¿CUAL ES NUESTRA IDENTIDAD?
Cuando Moisés delante de la zarza ardiente preguntó a Dios su nombre, éste le respondió: “Yo soy” y se implicó prometiendo liberar a su pueblo. Cuando Jesús en el huerto de los olivos va a ser apresado y preguntan por él, responde: “Yo soy”, y si me buscáis a mí dejad marchar a estos, implicándose también en favor de los suyos. Pedro, sin embargo, niega temblorosamente su identidad ante el interrogatorio del siervo: “Yo no soy”, y con ello rehuye toda implicación. ¿Por qué? Pedro había sido muy rápido en prometer al Señor en el transcurso de una cena el seguirle incluso a la muerte. Y esa rapidez de compromiso, motivada por un mero deseo y entusiasmo, se reveló estéril. A Pedro le movía el amor a Jesús, pero todavía no había llegado el momento en que tomara conciencia de lo que él era verdaderamente, por eso escucha las palabras del Señor: “Adonde yo voy no puedes seguirme ahora, pero me seguirás más tarde”. Y no sólo negó a Jesús cuando fue prendido, sino que, según la tradición, pretendió huir de Roma en tiempo de persecución. Pero finalmente dejó que “otro le llevara donde no quería”. ¿Qué tuvo que suceder? Sin duda, tomar conciencia de quién era y qué se le pedía.
Cada uno de nosotros puede decir con el filósofo: “yo soy yo y mis circunstancias”. Esas circunstancias no son otra cosa que mi relación con lo exterior a mí, con las cosas, los acontecimientos, las personas, … , que van a influenciar mi identidad. Si me considero forofo de un equipo de fútbol, no estaré obligado a mucho más que comprarme una bufanda con su escudo y animar al equipo de vez en cuando. Si me hago miembro de una asociación o de un partido político, mi implicación social será mayor. Si asumo una corriente de pensamiento, estaré muy determinado por sus principios. Si soy padre o hijo, no podré dejar al margen esa realidad de mi propio ser, lo que me comprometerá ineludiblemente. Dios se reveló a Moisés como Dios de su pueblo, por eso se comprometió con él. Jesús de Nazaret se sabía hijo de Dios, por eso llevó su identidad hasta sus últimas consecuencias, acogiendo los designios inescrutables de su Padre. Pedro deseaba seguir a su Maestro, pero aún no había descubierto su verdadera identidad, por lo que carecía de fuerzas para ello.
Cada uno de nosotros tiene su propio camino porque tiene su propia identidad. Intentar seguir miméticamente los pasos de otro por muy santo que sea, no es hacer el propio camino, no es fruto de la propia identidad.

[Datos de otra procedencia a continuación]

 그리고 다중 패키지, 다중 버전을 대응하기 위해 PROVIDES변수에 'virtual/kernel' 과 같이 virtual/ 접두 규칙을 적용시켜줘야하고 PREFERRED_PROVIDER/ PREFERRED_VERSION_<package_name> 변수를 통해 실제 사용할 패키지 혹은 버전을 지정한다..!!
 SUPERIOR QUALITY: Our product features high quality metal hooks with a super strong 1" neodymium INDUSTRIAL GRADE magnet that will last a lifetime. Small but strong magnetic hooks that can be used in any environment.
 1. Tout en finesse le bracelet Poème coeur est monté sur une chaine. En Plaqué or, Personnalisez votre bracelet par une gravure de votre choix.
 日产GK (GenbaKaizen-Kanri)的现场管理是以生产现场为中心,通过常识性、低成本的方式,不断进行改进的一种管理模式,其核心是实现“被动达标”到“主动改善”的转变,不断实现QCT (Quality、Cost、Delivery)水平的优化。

El Señor Jesús, se nos dice, fue creciendo lentamente en sabiduría (Lc 2, 52), tomando conciencia de su identidad de hijo de Dios y de su misión, identidad que le mantuvo hasta el final, aún ante una paternidad que parecía esconderse en el calvario. El Señor Jesús hizo su camino y nos mostró el nuestro. El descubrir lo que somos nos llevará a hacer nuestro propio camino como él lo hizo, pero sin pretender hacer el que él hizo, que sólo a él perteneció. Así como él hizo su camino en total confianza, sabiéndose hijo muy amado del Padre, intentando hacer siempre la voluntad del Padre, descansando en él, así nosotros estamos llamados a hacer nuestro propio camino, sabiéndonos hijos de nuestro Padre y abrazando su presencia en todo nuestro existir. La forma que tengamos de afrontar nuestra historia nos revelará la conciencia que tenemos de nuestra condición filial, pues la identidad impulsa a caminar, mientras que el que carece de ella simplemente es llevado por los vaivenes de la vida.

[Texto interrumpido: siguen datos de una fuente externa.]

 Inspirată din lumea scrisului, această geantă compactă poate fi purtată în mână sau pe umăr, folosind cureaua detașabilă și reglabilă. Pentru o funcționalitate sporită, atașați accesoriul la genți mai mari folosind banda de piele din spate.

Una persona sola nunca se descubre a sí misma. Pero una persona rodeada de gente tiene que tener la sabiduría necesaria para no confundirse con los demás intentando imitar, sino valerse de la oportunidad que le da la relación con los otros para despertar su verdadera identidad. La identidad no es exactamente aquello con lo que yo me identifico si no soy realmente yo mismo. Es tan ingenuo el que se busca a sí mismo en la imitación o beneplácito de los otros como el que lo pretende hacer marcando unas diferencias que le hagan sentirse original.
Pienso que la identidad es algo personal y comunitario. Si para descubrir la propia identidad hay que saber escuchar mucho, dejarse interpelar por los otros, también lo hemos de saber hacer comunitariamente, escuchando el latido de la Fraternidad, en sí y en su relación con la comunidad monástica, para responder en consecuencia. Quizá entonces podamos reconocer mejor nuestra identidad sin que nos despisten los roces propios del ir juntos.